## [Input records]
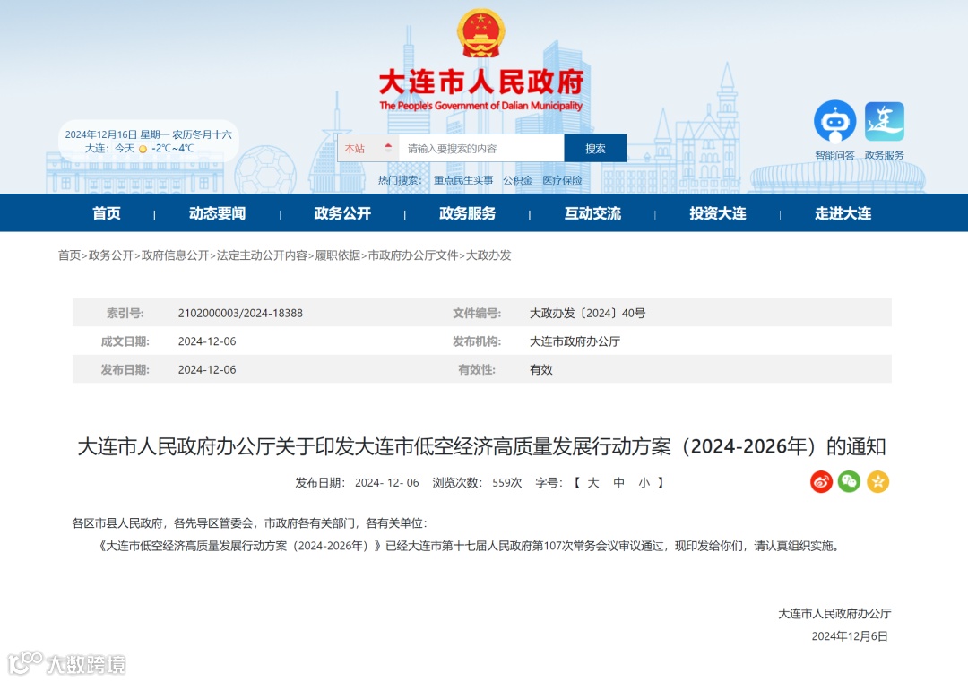 12月6日,辽宁大连市政府办公厅近日印发《大连市低空经济高质量发展行动方案(2024-2026年)》(以下简称《方案》)。
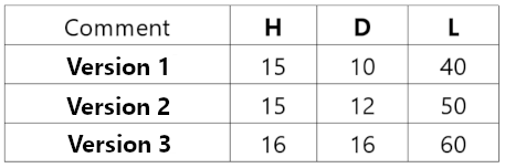 Thus, every row of the table starting from the second row contains a certain set of values of variables and a comment – the name of this set.
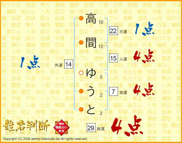 高間ゆうとさんの総運は29画の4点!
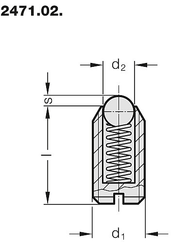 2471.02._32. Druckstück, federnd, mit Kugel, mit Schlitz, verstärkte Federkraft
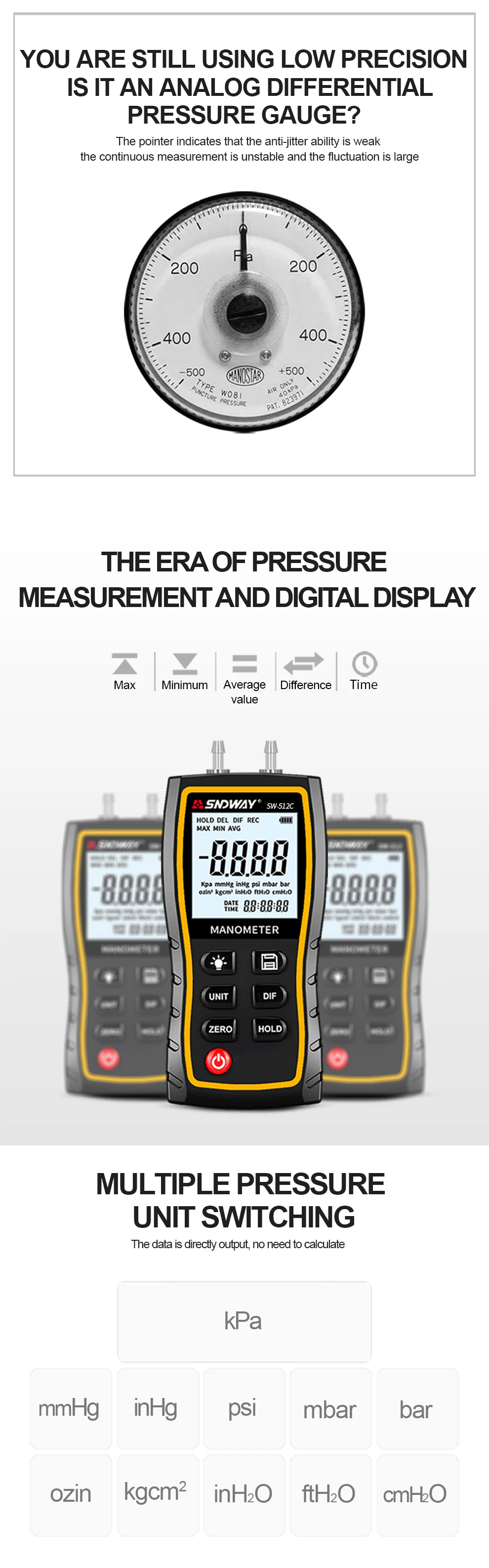 SNDWAY manometer can measure differential pressure/positive pressure/negative pressure, multi-unit option: kPa, mmHg, inHg, psi, mbar, bar, ozin, kgcm, inH O, ftH O, cmH2O.It is a indispensable measuring apparatus to heating and ventilation air-conditioning for technicians, operating maintenance engineers, and scientific researchers for its simply operation and distinct reading.
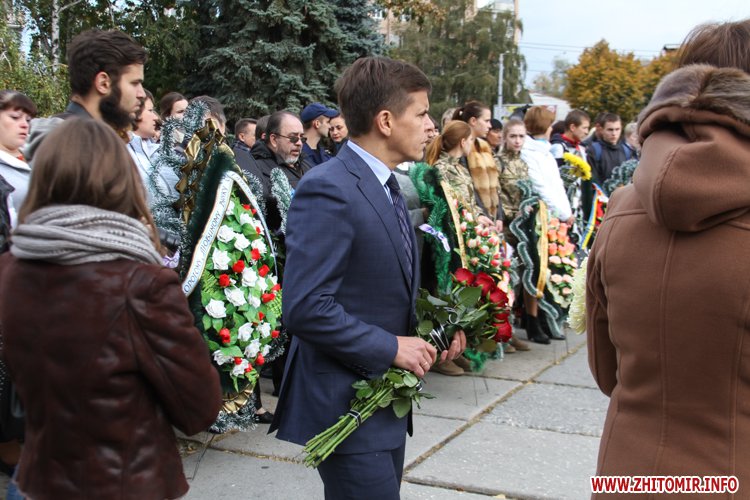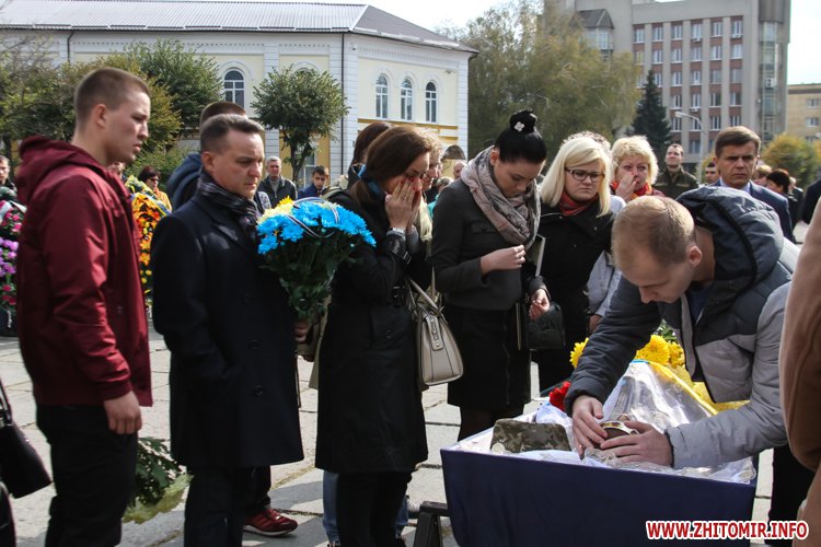 Близько 13 години тіло бійця у відкритій домовині привезли під стіни облдержадміністрації. На церемонії прощання були присутні рідні, знайомі та друзі Віталія, деякі посадовці та небайдужі житомиряни.
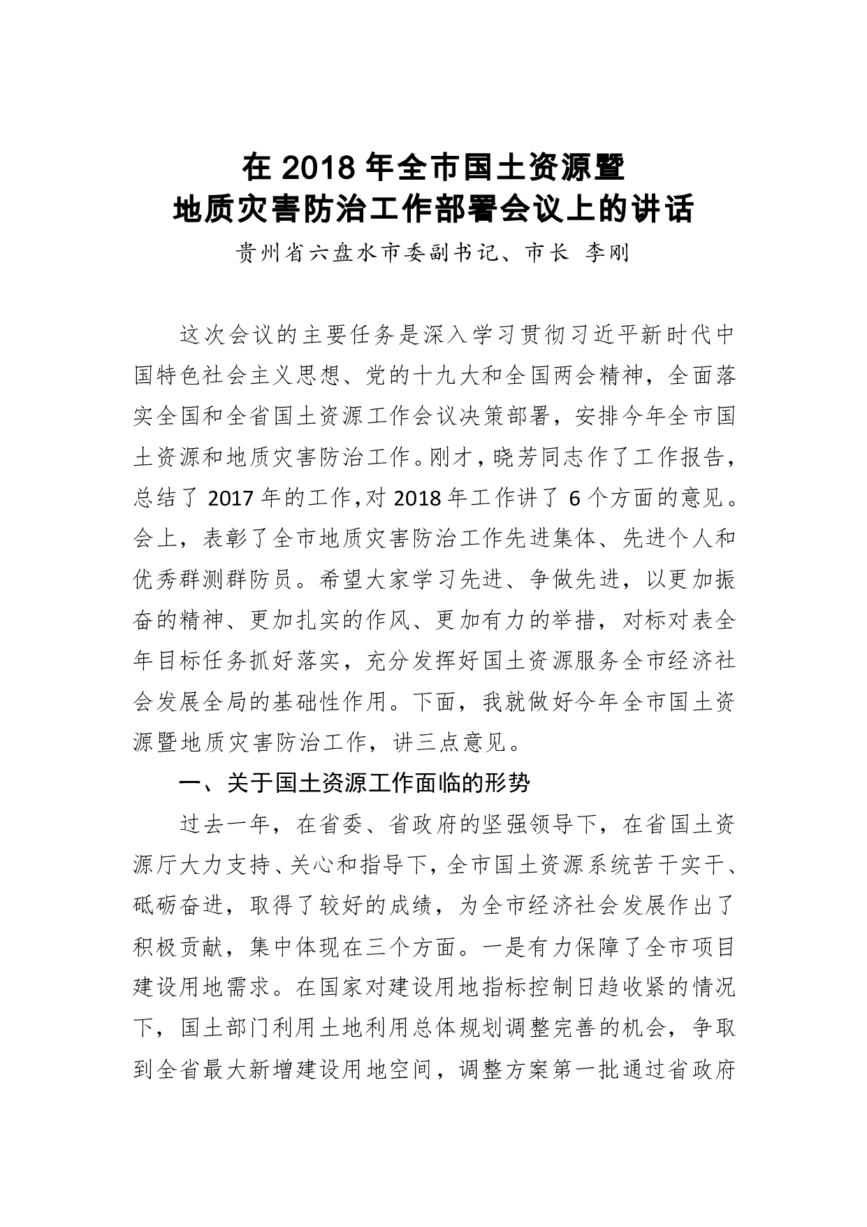 标题:2018年李刚:在2018年全市国土资源暨地质灾害防治工作部署会议上的讲话
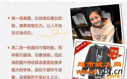 要讓寶貝不花錢也能吸引眼球,首先第一招當(dāng)然是選圖。從選圖的角度,主圖好比人臉,兩種主圖最吸引人氣:
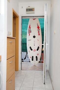 Appartamento può accogliere 5 ospiti. I letti sono disposti nelle camere da letto che sono 2, su 34m2. Gli ospiti hanno a disposizione il proprio terrazzo per godere nelle calde serate estive. Dall'appartamento si gode di una vista sul mare. Si può preparare il cibo utilizzando il barbecue comune.

## [Problem]
Give all the records again, exactly, without images.

## [Result for this task]
 12月6日,辽宁大连市政府办公厅近日印发《大连市低空经济高质量发展行动方案(2024-2026年)》(以下简称《方案》)。
 Thus, every row of the table starting from the second row contains a certain set of values of variables and a comment – the name of this set.
 高間ゆうとさんの総運は29画の4点!
 2471.02._32. Druckstück, federnd, mit Kugel, mit Schlitz, verstärkte Federkraft
 SNDWAY manometer can measure differential pressure/positive pressure/negative pressure, multi-unit option: kPa, mmHg, inHg, psi, mbar, bar, ozin, kgcm, inH O, ftH O, cmH2O.It is a indispensable measuring apparatus to heating and ventilation air-conditioning for technicians, operating maintenance engineers, and scientific researchers for its simply operation and distinct reading.
 Близько 13 години тіло бійця у відкритій домовині привезли під стіни облдержадміністрації. На церемонії прощання були присутні рідні, знайомі та друзі Віталія, деякі посадовці та небайдужі житомиряни.
 标题:2018年李刚:在2018年全市国土资源暨地质灾害防治工作部署会议上的讲话
 要讓寶貝不花錢也能吸引眼球,首先第一招當(dāng)然是選圖。從選圖的角度,主圖好比人臉,兩種主圖最吸引人氣:
 Appartamento può accogliere 5 ospiti. I letti sono disposti nelle camere da letto che sono 2, su 34m2. Gli ospiti hanno a disposizione il proprio terrazzo per godere nelle calde serate estive. Dall'appartamento si gode di una vista sul mare. Si può preparare il cibo utilizzando il barbecue comune.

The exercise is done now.